No longer do state chief ministers come to the imposing Yojana Bhawan on Parliament Street in Delhi cap in hand, but as equal partners in the development project in a new federalist conception. In short, India is now on the road to becoming a full-fledged market economy, with the legacy of planning behind us. But all governments need to look forward, if not explicitly to “plan” in the sense of the rubbished Stalinist five-year plans, but to set priorities and develop instrumentalities to achieve those priorities. That is the rationale for NITI Aayog’s approach.

A framework document of this scope could run the risk of saying something about everything, while offering nothing specific or actionable about anything. Contrary to the carping of some critics, this document pleasantly surprises.

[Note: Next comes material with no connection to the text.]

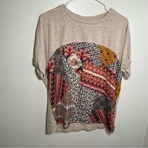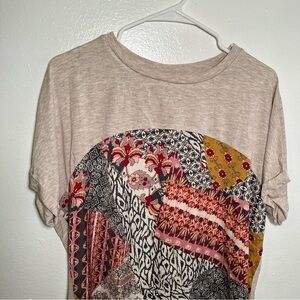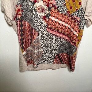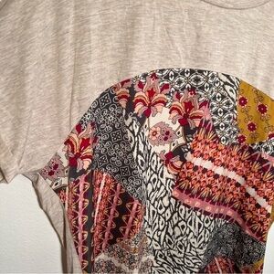 Great condition. Truself. Mixed media blouse. Crewneck. Short sleeve. Top and back are solid beige. Front is gray, white, red, pink, and orange geometric floral pattern. Style 08NG-ESPO. size large. Stretch 97% rayon, 3% spandex. Pit to pit laying flat 22.5” Pit to hem 25” Sleeve (pit to hem) 3”. All measurements are approximate and taken lying flat. Smoke free home. No trades, offers welcome.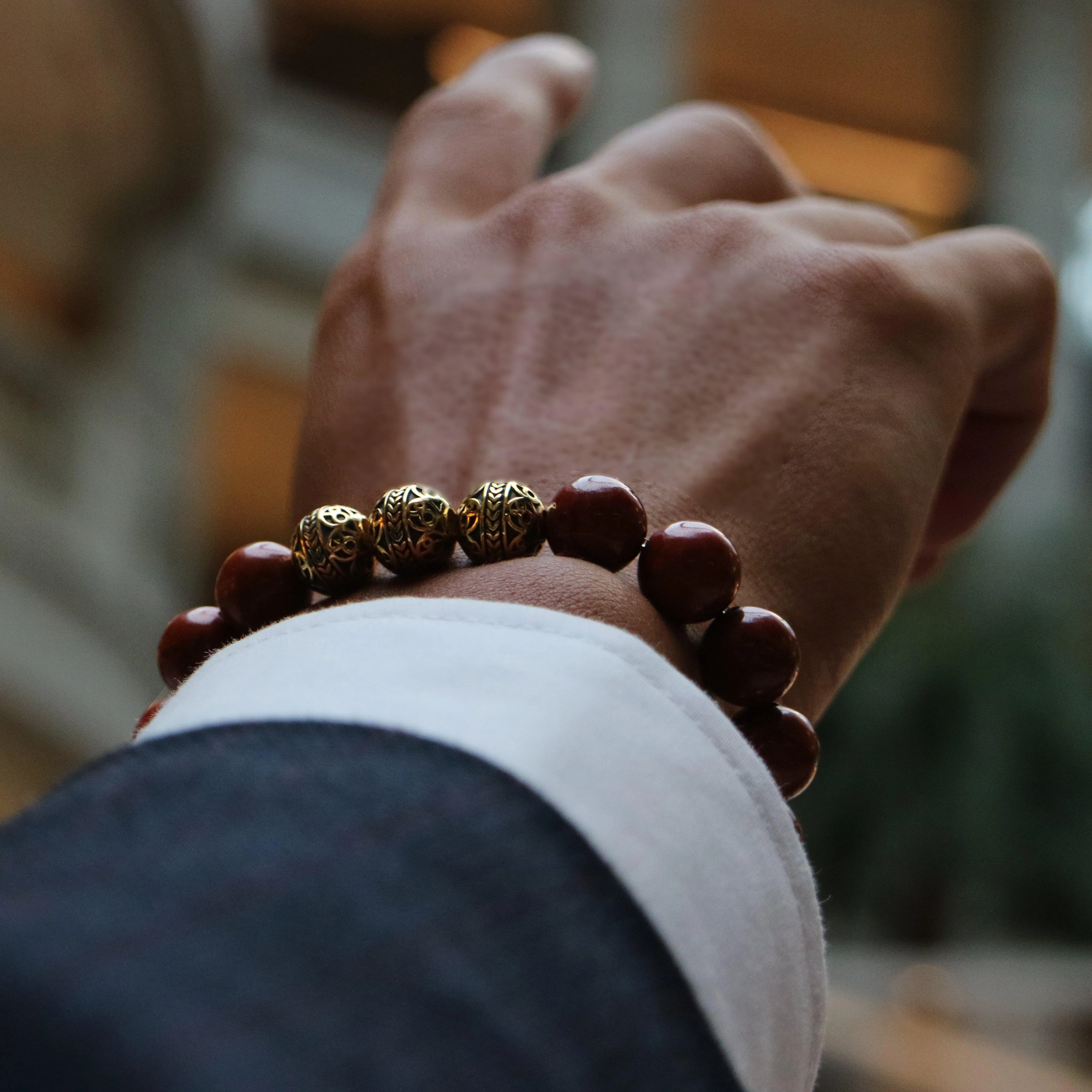 The red jasper bracelet with a 24k gold classic design has an opaque luster. We can custom your personal jasper bracelet from red-orange to brown-orange.Ā

In just over 200 pages, it manages to inform, reason, and offer a distilled sense of priorities for policy reform.

The agenda describes well the fundamental dilemma concerning economic transformation of India: Roughly 50% of India’s workforce is employed in agriculture, which contributes only 15% of output. On the one hand, that suggests that workers should be moved away from this relatively low-productivity activity. On the other, it also requires that productivity in agriculture itself be improved to increase yields and benefit those workers who remain in the sector.

Equally, the service sector and manufacturing jobs that await workers exiting the agricultural sector are not always high-productivity jobs. Firms with less than 20 workers employ 72% of the manufacturing workforce and produce merely 12% of the manufacturing output. And nearly 40% of the services output is produced by merely 2% of the service sector workers, employed in the largest services firms.

These facts in themselves point to the urgent need for productivity-enhancing reforms—in agriculture, manufacturing as well as services. How can productivity be enhanced?

The Agenda offers a number of compelling proposals ranging from the use of high-yield seeds to improved irrigation techniques to the removal of the infamous tariff inversion problem (where the high level of trade barriers on intermediate inputs relative to final goods disincentivizes domestic production). In laying out these proposals, it also underscores the critical need to enhance the scale of production in each of the sectors: Landholdings in India are typically too small, the average manufacturing firm is small and under-productive, as are firms in the services sector.

On the issue of scale, a few proposals are especially noteworthy. To deal with small and fragmented landholdings, the document proposes the use of a modern land-leasing law that balances and protects the rights of the tenant and landowners as a potential solution.

For manufacturing, the document proposes the development of a few Coastal Economic Zones (CEZs) operating under a liberal economic environment (for instance, without the restrictive labour laws that bedevil the rest of the economy) and with an abundance of land—much as in China, where large firms, operating in its special economic zones, sometimes each employ hundreds of thousands of workers.

The document’s chapters on transport and physical connectivity, as also on digital connectivity, offer a detailed picture of the existing infrastructure framework, with many specific proposals on improving efficiency and closing gaps in coverage.

The government’s desire to leverage technology to improve efficacy, while laudable, requires a strong digital network and an ability to provide reliable end-to-end e-services. There is considerable unevenness across the country in access to the digital network and in the ability to benefit from such services. The Agenda highlights priorities in this area and offers its thoughts on how these gaps might be bridged.

The analysis and proposals provided in the Three Year Action Agenda range from the actionable to the aspirational. We shall, in the fullness of time, see how many of its proposals are taken up and implemented. Be that as it may, we believe that its primary contribution will be in serving as a base of knowledge and analysis to support any future discussions on policy reform; it should be welcomed.

Pravin Krishna and Vivek Dehejia are, respectively, Chung Ju Yung distinguished professor of international economics at Johns Hopkins University and resident senior fellow at the IDFC Institute.